UC San Diego

The wireless sensor market has undergone explosive growth worldwide increasing to 18.78 billion USD in 2023 from 15.57 billion in 2022 to an expected rise to 105.18 billion in 2032. The excitement driving this market growth stems from the Internet of Things (IoT) revolution which has promised low-cost, compact, and “invisible” sensors which can integrate seamlessly into already existing systems. These IoT devices would bring enhanced industrial automation, improved wireless communications, environmental monitoring, and smart home capabilities to name a few. The IoT revolution, however, has fallen short in its promises due to the dependence on under-performing hardware designs which either require batteries, exhibit low data rates, or operate at significantly smaller ranges than their non IoT counterparts.
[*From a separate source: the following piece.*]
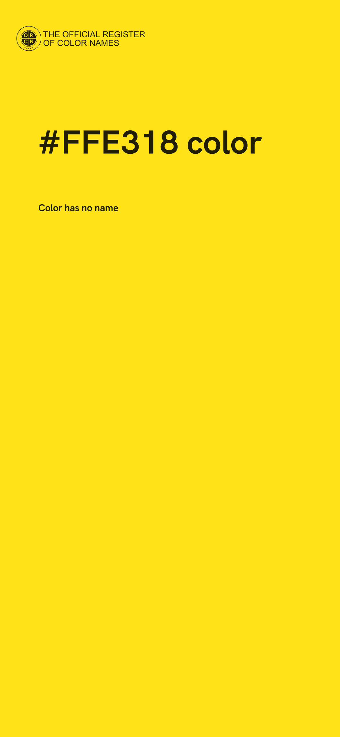 The digital color HEX #FFE318 belongs to the Yellow Color Family featuring Full Saturation (Saturation Family) and Light (Brightness Family).

To mitigate some of these issues, low power IoT (\ie coin-cell operated) or battery-free (\ie power harvesters) solutions have been proposed. These devices may provide improved sensing and communication ranges and data-rates however, they still lack scalability, cost, or seamless integration to many everyday systems. Technological saturation due to the increased number of IoT sensors and devices can hinder already existing systems and drive up the costs of everyday items. To mitigate the issue, fully-passive, battery-free solutions have been investigated to improve the range, data rate and cost of many common IoT applications.
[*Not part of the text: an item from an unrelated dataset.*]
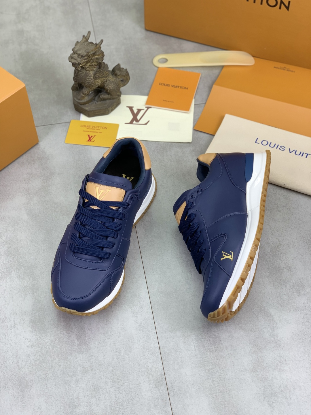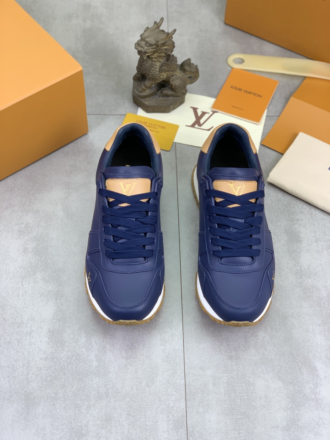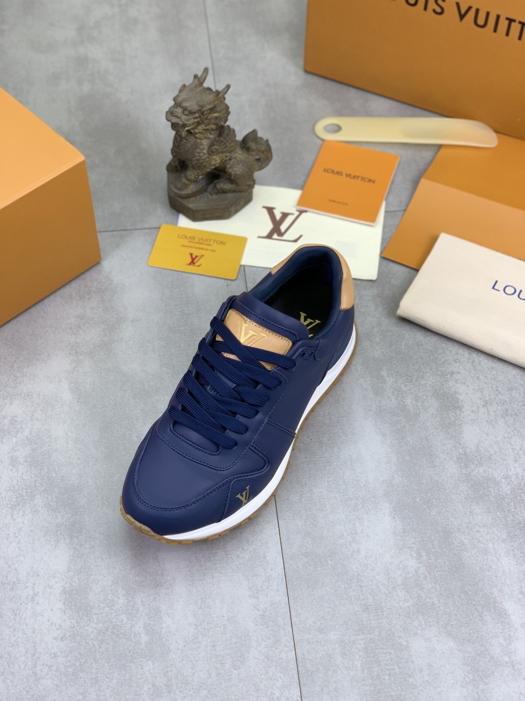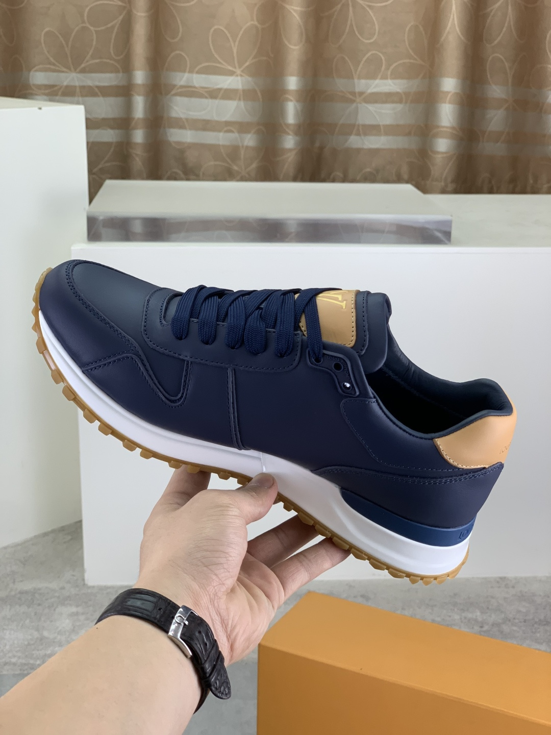 这款鞋子是AAAAA 1:1 质量 (非常棒). 使用了和原版一模一样的材料. 商标部分也保持了和路易威登/Louis Vuitton一样. 图片拍摄是实物鞋子拍摄, 您所收到的实物保证和我们图片一模一样.

This dissertation delineates several contributions to the existing body of knowledge in communication and sensing using completely passive devices. First, it describes a mmWave automotive radar smart-surface which can be decoded as drivers pass by. The system utilizes a novel data-encoding mechanism which leverages the spatial distribution of van-atta arrays to encode On-Off-Keying data bits. Secondly, this dissertation introduces a unique UHF wireless keypad interface which uses resonant RF stubs to encode deterministic buttons. This approach allows for easy-to-use deterministic button presses which can withstand severe multi-path and blockages. Previous systems used complicated swiping gestures which are difficult to memorize and are heavily impacted by environmental factors. Lastly, the dissertation presents new uses to reflect-arrays and meta-surfaces for enhancing non-line-of-sight communication and sensing and between multiple mediums.